I need to explain, in layman’s terms the power of these breathing exercises. Two weeks ago I sat in a coffee shop waiting to pick my Father up from the hospital. I was in full blown panic/anxiety attack. Trembling, shaking and spilling the coffee and couldn’t sit still. Yesterday morning, waiting to pick him up from his post op consultation, I sat in the same seat in the same coffee shop with the sun on my face as calm as you like. Not a drop was spilled and I felt at ease ready to deal with the result. “All Clear” by the way. I’ll be doing the exercise as soon as I finish this.
Fourthly, I watched the result of Hillsborough Inquest come in yesterday. The tears flowed.

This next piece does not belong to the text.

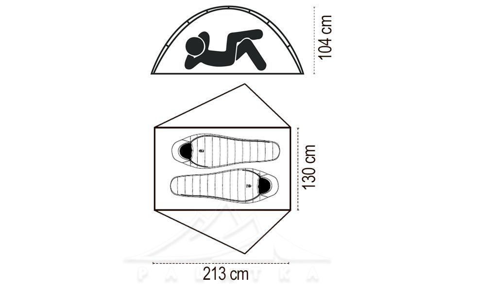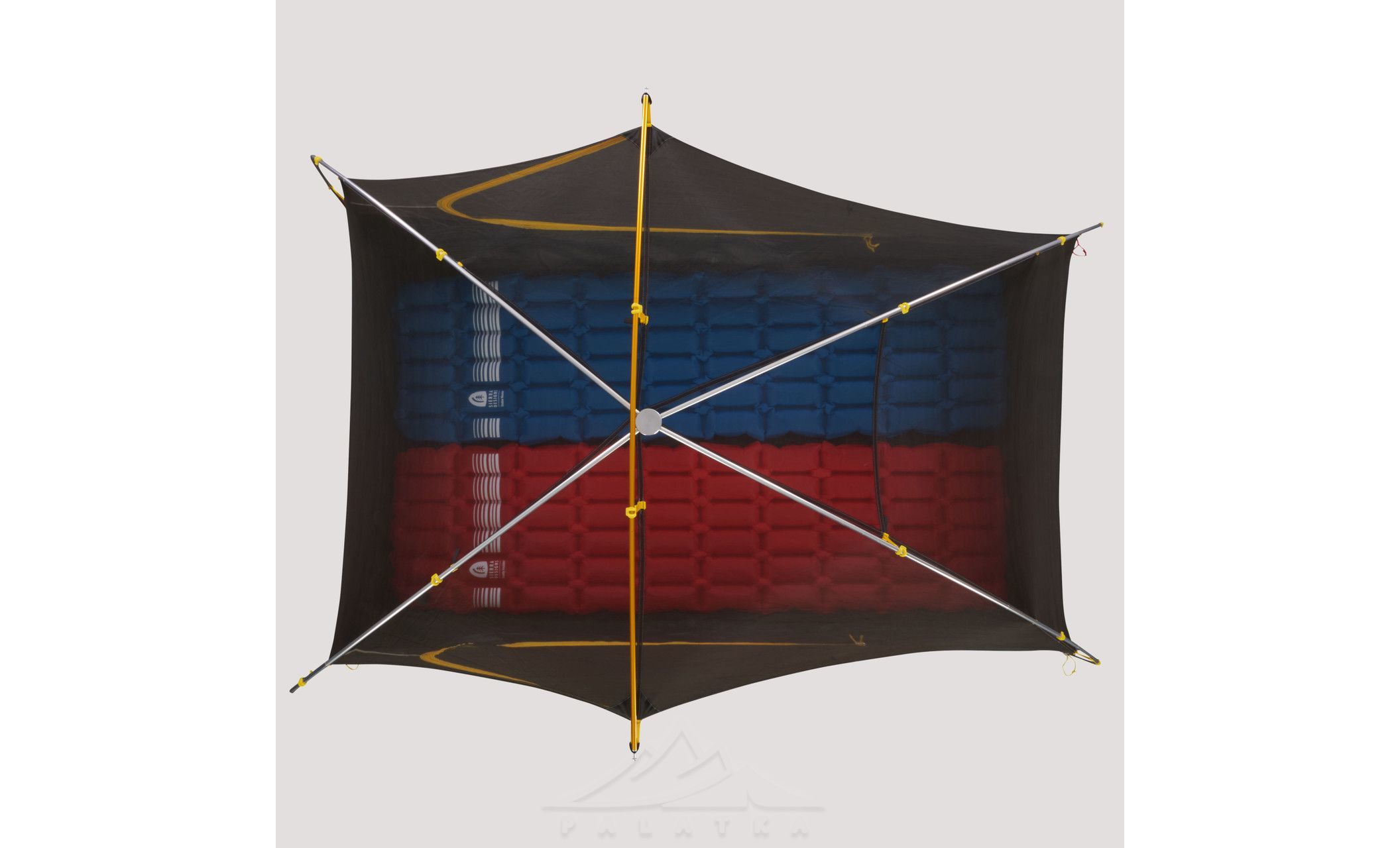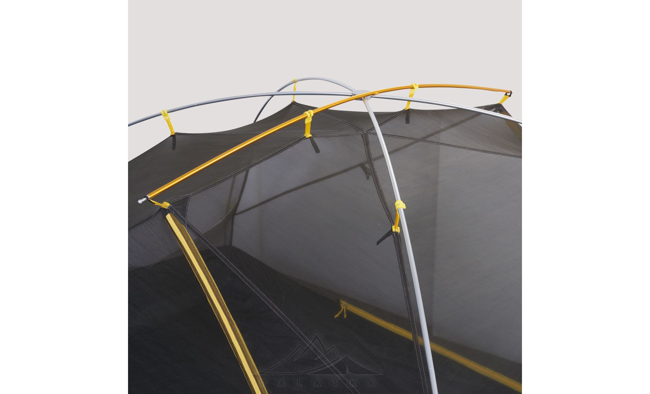 - Внутрішній намет (спальня) практично повністю зроблений з москітної сітки. Це полегшує вагу намету та покращує вентиляцію.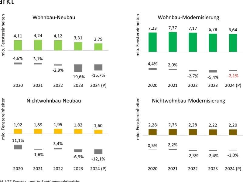 Die gegenwärtigen Daten zeigen im Wohnungsbau, dass die Sanierung 2023 um 5,4 Prozent zurückgeht und 2024 um weitere 2,1 Prozent nachgibt auf dann 6,64 Mio. FE. Trotz eines nach wie vor hohen Überhangs an Baugenehmigungen für Wohnneubauten sind die Neugenehmigungen 2023 um 28 Prozent und aktuell im laufenden Jahr bereits ebenfalls im Januar um weitere 28 Prozent zurückgegangen. Für den Neubau im Fenstermarkt beträgt der Rückgang 2023 dramatische insgesamt 15,5 Prozent, obwohl noch unfertige Projekte im Jahr 2023 umgesetzt wurden. 2024 wird der Fensterabsatz im Neubau voraussichtlich nochmals aber stark um 14,4 Prozent zurückgehen auf dann nur noch 4,39 Mio. FE.

If, anyone has any doubt about the power of critical research and why academia is essential in our society. Well, yesterday proves it.
So, it then hit me like a thunderbolt. Why on earth am I attempting to spend the rest of my life getting into an institution in order to get into another institution that I spent six years trying to get out of? There are other means and ways of achieving and imparting my knowledge, experience and epistemological privilege to the afore said institutions. Getting my book published is number one on the list. Getting back to work – whatever that may be. Reading and writing creatively and academically and most of all living my days via breathing and meditations.
The most important thing in life is to feel grounded and centred in one’s self and recent events take me back to a certain time and place. I wrote poem one week after doing the Art of Living Prison Smart Course in 2008. I now have a BA, MSSc and will continue to write and learn. Nothing has changed yet everything has changed, the ‘Hope Machine’ trundles on and lies at the centre of my world. I’ll leave you with a poem I wrote last Saturday morning.
By Michael Irwin
Slipping on socks on a sanitised floor, craggy nails, sliding, taking, sucking, feeling, taking, taking on circulation, life. Lived life in toes, tell a tale like rings on an aged Redwood tree. Glad it’s not me. Baby toes once, you all right Jack, toes take the weight off a my back. Carried me for years, harboured all my fears, nurtured, loved and murdered by insolent constriction of shoes. Ahhhh, the comfort of socks, slipping in and out of life with ease. Father slips on a sock to his baby with bereft, delicate intimacy, tough as old boot yet silently quiet. Fifty years later son reciprocates with a life so scarred and broken, two men healed by the sliding on of socks, in gesture that heals time itself.